Usually, the passing of American luminaries is hardly felt in the Jewish State, thick as it is with pressing domestic news. The gentleman from South Carolina was different: he had spent so long passionately and eloquently explaining to his fellow Americans that their nation’s interests in the Middle East were neatly aligned with Israel’s that he was seen as more than a mere political ally: He was a true friend, and breathless media reports treated him as one, mourning him prominently and at length.

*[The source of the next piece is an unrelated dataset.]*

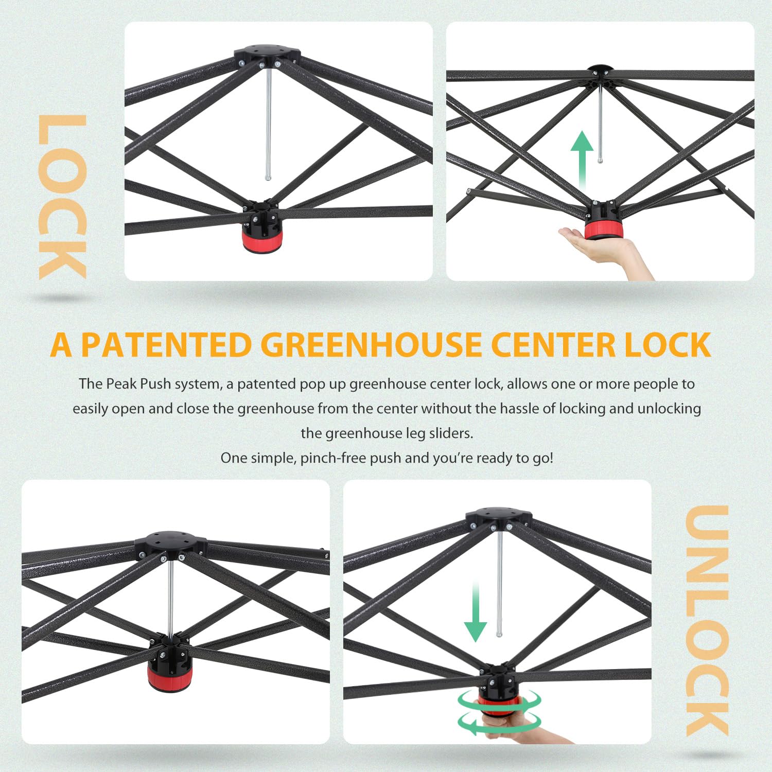 EASY SETUP: This pop up greenhouse with patented center lock technology supports one person setup in seconds. The pre-assembled frame and innovative Peak Push locking system delivers a quick setup. No tools required. Whether you're a seasoned gardener or just starting out, the EAGLE PEAK pop-up greenhouse for outdoors saves you time and hassle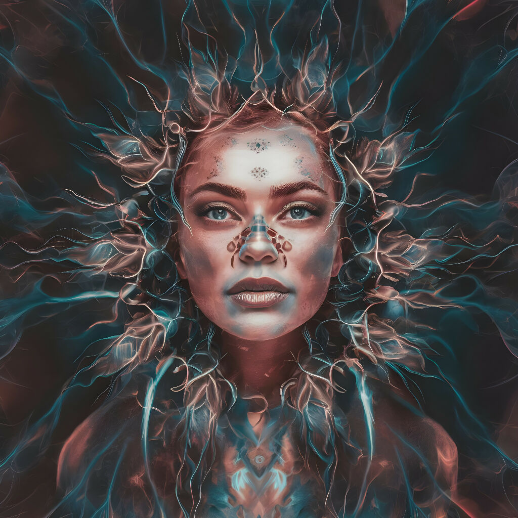 Immerse yourself in the captivating beauty of "Ethereal Nexus," a mesmerizing digital artwork that blends the realms of nature and technology. This piece features a striking visage adorned with intricate, organic patterns, evoking the essence of a digital deity. The ethereal glow and vibrant hues create a sense of otherworldly energy, drawing viewers into a cosmic dance of light and form. Perfect for adding a touch of futuristic elegance to any space, "Ethereal Nexus" invites you to explore the limitless possibilities of AI-generated art.

The grief is well deserved, as is the love. Few are the politicians who possessed such a clear understanding of the challenges facing western civilisation, the sacrifices that must be made to protect it, and the alliances it would take to keep it safe. In the immediate aftermath of October 7, 2023, for example, Graham quickly organised a bipartisan delegation to Israel, Egypt, and Saudi Arabia, making sure his fellow lawmakers understood precisely what was at stake in the war against Hamas, Hezbollah, and their overlords in Tehran.

And yet, incredibly, Lindsey Graham’s true greatness lay somewhere else entirely, in possessing a quality too many of us assumed to be extinct, a quality without which no political system could ever thrive – grace.

If you want to see that rare virtue on display, look up the speech Senator Graham gave during Supreme Court Justice Brett Kavanaugh’s confirmation hearing. Or maybe “speech” is putting it too mildly: showing the sort of real emotion all too uncommon in a business rarely accused of excess candour, Graham thundered at his Democrat friends across the aisle, friends he’d spent decades in the Senate genuinely cultivating in the interest of bipartisan collaboration.